Art by Melissa Mead
Surface
by Thomas F Jolly
Joshua Hemmings and Beverly Amherst climbed up and up and up. They had spent weeks devising a plan to avoid the elders who would have kept them from venturing to the surface. In a thousand years, a lot could change. Whatever catastrophes had occurred in the past would have healed by now, the surface returning to its pristine, life-filled abundance. A new Eden awaited.
Their entire population had moved underground over a thousand years before. Thanks to a steady degradation of their technological assets, due to a lack of production facilities and spare parts, it only took a few hundred years to forget their past, forget the surface, and forget where they came from. All they had were the few books they discovered in their library, a rare resource in light of the digitization of all knowledge into a wonderfully handy and portable, but ultimately irreparable, technology.
The physical resources given highest priority were their thermoelectric generators, tapping the core's heat to light the lights, grow the plants, and circulate the air that kept them alive. While their scientists had lacked design data on the generators and pumps, they learned what they had to to duct-tape them into functionality.
But for Jeremy and Beverly, the books from the library opened up an entrancing view of the surface of Earth. Trees and flowers in abundance, animals wandering wild on the Earth's surface, and nothing they could find about why they ended up down here in the darkness in the first place. If the information ever existed, it was lost with the electronic files centuries before. Now there were only tales told by the elders, warning them of the dangers of the surface. "Don't leave the city!" they would warn. "Only death awaits." An ambiguous, undefined death.

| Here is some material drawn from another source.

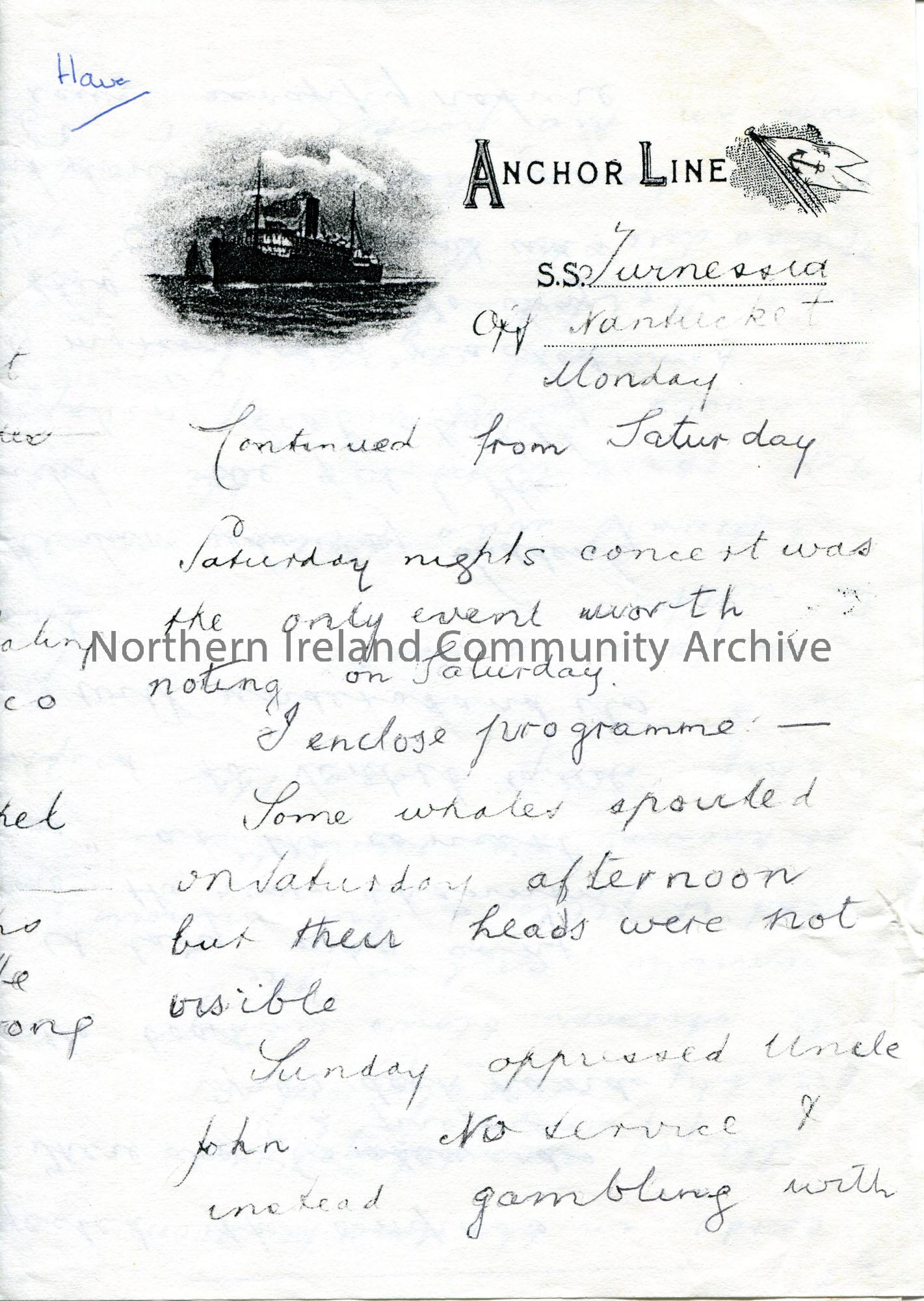 Photocopy of a letter from Sam Henry. Writing on board S S Furnessia. Sam is travelling with his Uncle John from Moville to New York. Writes of his time on board the ship and that he heard via marconigram that Coney Island has burnt down.

Joshua was surprised to see that the metal ladders progressing ever upward had survived a thousand years. Even the rock in which they were mounted seemed more worn than the metal. Dim lights still lit the wide shaft, their permanence and utility attestation to the capabilities of the original engineers. Motes of ancient dust swirled in the cool, dry air. He glanced down at Beverly and said, "I expected these ladders to be completely rusted through. No corrosion or anything."
"This doesn't look like the metal we use at home."
He examined the ladder under his sweating grip. "Maybe you're right." He hung his arm over the rung and sighed heavily. "My arms and legs are ready to drop off."
Beverly, five rungs below him, pointed. "I think I see something ahead. Is that a door?"